I'm in the US myself and I have a family so minimizing costs (including opportunity cost of the time spent) is critical.

Look into apprenticeships if you're just wanting to get into the trades, that way you can already earn money while training. Maybe your state government has some sort of "board of electricians" that deal with licensing, maybe they can help set you up.
The wording also suggests decorating a cookie can't be as fulfilling as working on a complex software project.

This "author" certainly never baked his own bread or grew his own vegetables. Let alone becoming a professional, which is hard work, probably more hard work than sitting at a desk asking claude to change this or that react component.

Yeah, a lot of software devs think somewhat wistfully about possibly running a bakery or whatever.

To me that sounds more like letting circumstances nudge you into implementing your "Coast FIRE" plan than taking some kind of principled stand.

Any business with an aws account should by default pretend like that world revolves them and their company.

Because if aws tanks, they will likely tank.

I pardon the drama. If you were in those shoes and the costs being spent for operating business costs- wouldn’t you be freaking the heck out?

If I scroll down and you do animations to the text I am out instantly.
It's just Claudeslop. It's everywhere. An epidemic. If you're familiar it stands out instantly. (Would you let someone else talk for you? In real life? Like open up your mouth and let a TTS system spit out the sounds and pick the words? No? Then you shouldn't do the same thing with writing!)
I actually think many people would choose this option, if it was possible.

21% of Americans are functionally illiterate according to the University of Alabama.

> 21% of Americans are functionally illiterate according to the University of Alabama.

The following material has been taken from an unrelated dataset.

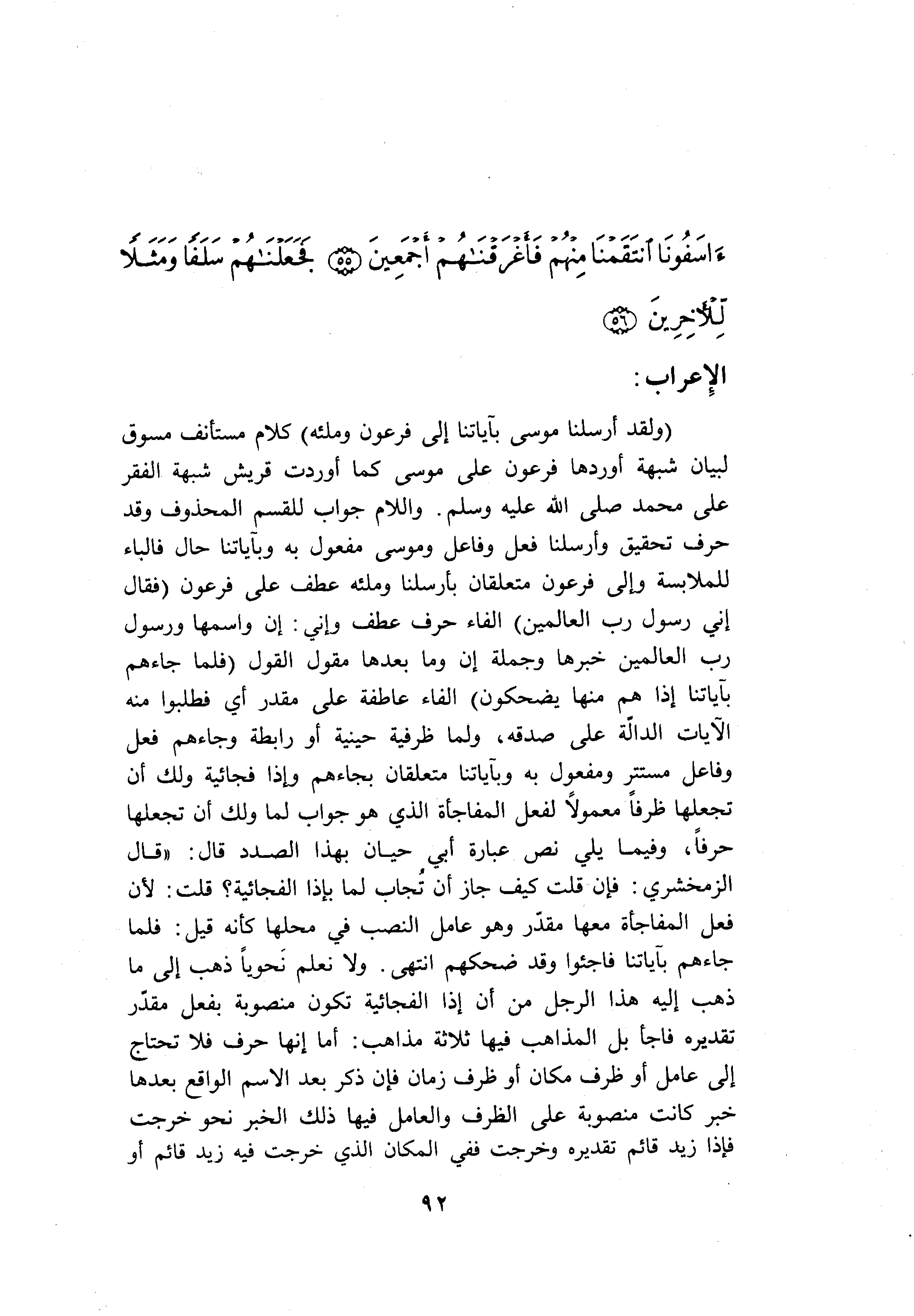 (وَلَقَدْ أَرْسَلْنا مُوسى بِآياتِنا إِلى فِرْعَوْنَ وَمَلَائِهِ) كلام مستأنف مسوق لبيان شبهة أوردها فرعون على موسى كما أوردت قريش شبهة الفقر على محمد صلى الله عليه وسلم. واللام جواب للقسم المحذوف وقد حرف تحقيق وأرسلنا فعل وفاعل وموسى مفعول به وبآياتنا حال فالباء للملابسة وإلى فرعون متعلقان بأرسلنا وملئه عطف على فرعون (فَقالَ إِنِّي رَسُولُ رَبِّ الْعالَمِينَ) الفاء حرف عطف وإني: إن واسمها ورسول رب العالمين خبرها وجملة إن وما بعدها مقول القول (فَلَمَّا جاءَهُمْ بِآياتِنا إِذا هُمْ مِنْها يَضْحَكُونَ) الفاء عاطفة على مقدر أي فطلبوا منه الآيات الدالّة على صدقه، ولما ظرفية حينية أو رابطة وجاءهم فعل وفاعل مستتر ومفعول به وبآياتنا متعلقان بجاءهم وإذا فجائية ولك أن تجعلها ظرفا معمولا لفعل المفاجأة الذي هو جواب لما ولك أن تجعلها حرفا، وفيما يلي نص عبارة أبي حيان بهذا الصدد قال: «قال الزمخشري: فإن قلت كيف جاز أن تجاب لما بإذا الفجائية؟ قلت: لأن فعل المفاجأة معها مقدّر وهو عامل النصب في محلها كأنه قيل: فلما جاءهم بآياتنا فاجئوا وقد ضحكهم انتهى. ولا نعلم نحويا ذهب إلى ما ذهب إليه هذا الرجل من أن إذا الفجائية تكون منصوبة بفعل مقدّر تقديره فاجأ بل المذاهب فيها ثلاثة مذاهب: أما إنها حرف فلا تحتاج إلى عامل أو ظرف مكان أو ظرف زمان فإن ذكر بعد الاسم الواقع بعدها خبر كانت منصوبة على الظرف والعامل فيها ذلك الخبر نحو خرجت فإذا زيد قائم تقديره وخرجت ففي المكان الذي خرجت فيه زيد قائم أو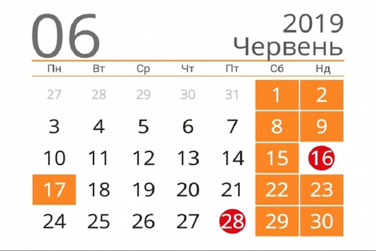 У шостому місяці 2019 року українців двічі очікуватимуть тривалі вихідні.

This was false. University of Alabama said this was according to the National Center for Educational Statistics.[1] NCES said 21% of US adults had low English literacy. This meant could not participate due to a language barrier or a cognitive or physical inability to be interviewed, below level 1, or level 1. Their definition of functionally illiterate in English was below level 1. This was 4.1%.[2]

[1] https://risingtide.ua.edu/education/statewide-ua-literacy-ce...

[2] https://nces.ed.gov/pubs2019/2019179/index.asp

Independently of literacy, I think many people desperately yearn for someone else to write or speak for them.

"Putting their name on documents" or "speaking publicly" is just an excruciating requirement to keep cashing checks, and each time it comes up the first thought bubbling up from the autonomic system is "how the fuck do I get out of this".

It worked for Stephen Hawking, and he was totally worth listening to.
This extra dramatic writing style really appeals to the current doomer zeitgeist. The rhetorical trick is to write everything so dramatically and exaggerated that when any point is challenged the critic gets attacked for taking it too literally. These articles exist in a duality of wanting to be taken as deadly serious but also immune to criticism; If you try to challenge any point in the story it will be brushed off as taking it too literally. The real point remains hidden in the mist behind the dramatic tone and will shape shift any time it is challenged.

Even the premise of the article has built-in ridiculousness, as if the author has enough special insight into all of AWS to conclude that all of the other employees are bad. Of course by point that out I’m sure this comment will be critiqued as missing the point. The point is you’re supposed to be angry and not think about the details of the story in a way that diminishes that anger!

> Like the blog writer has this style

You mean Claude has this style.

Claude is a bit of a drama queen.
I am so sick of reading this horseshit AI writing. It's like eating vaseline.